So much for dull economists.  This one is highly articulate, glamorous, and bearing an important message that can correct a common, harmful illusion about government.  She spoke this week at Long Now’s Seminar About Long-term Thinking (SALT) in San Francisco.  My summary...

The iPhone, Mazzucato pointed out, is held up as a classic example of world-changing innovation coming from business.  

Yet every feature of the iPhone was created, originally, by multi-decade government-funded research.  From DARPA came the microchip, the Internet, the micro hard drive, the DRAM cache, and Siri.  From the Department of Defense came GPS, cellular technology, signal compression, and parts of the liquid crystal display and multi-touch screen (joining funding from the CIA, the National Science Foundation, and the Department of Energy, which, by the way, developed the lithium-ion battery.)  CERN in Europe created the Web.  Steve Jobs’ contribution was to integrate all of them beautifully.

Venture Capitalists (VCs) in business expect a return in 3 to 5 years, and they count on no more than one in ten companies to succeed.  The time frame for government research and investment embraces a whole innovation cycle of 15 to 20 years, supporting the full chain from basic research through to viable companies. That means they can develop entire new fields such as space technology, aviation technology, nanotechnology, and, hopefully, Green technology.  

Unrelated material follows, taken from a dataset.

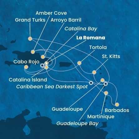 Dominikánská republika, Zámořské území Velké Británie, Martinik, Barbados, Guadeloupe, Svatý Kryštof a Nevis, Britské Panenské ostrovy z La Romany na lodi Costa Fascinosa

But compare the reward structure.  Government takes the greater risk with no prospect of great reward, while VCs and businesses take less risk and can reap enormous rewards.  “We socialize the risks and privatize the rewards.”  Mazzucato proposes mechanisms for the eventual rewards of deep innovation to cycle back into a government “innovation fund”---perhaps by owning equity in the advantaged companies, or retaining a controlling “golden share” of intellectual property rights, or through income-contingent loans (such as are made to students).  “After Google made billions in profits, shouldn’t a small percentage have gone back to fund the public agency (National Science Foundation) that funded its algorithm?”  In Brazil, China, and Germany, state development banks get direct returns from their investments.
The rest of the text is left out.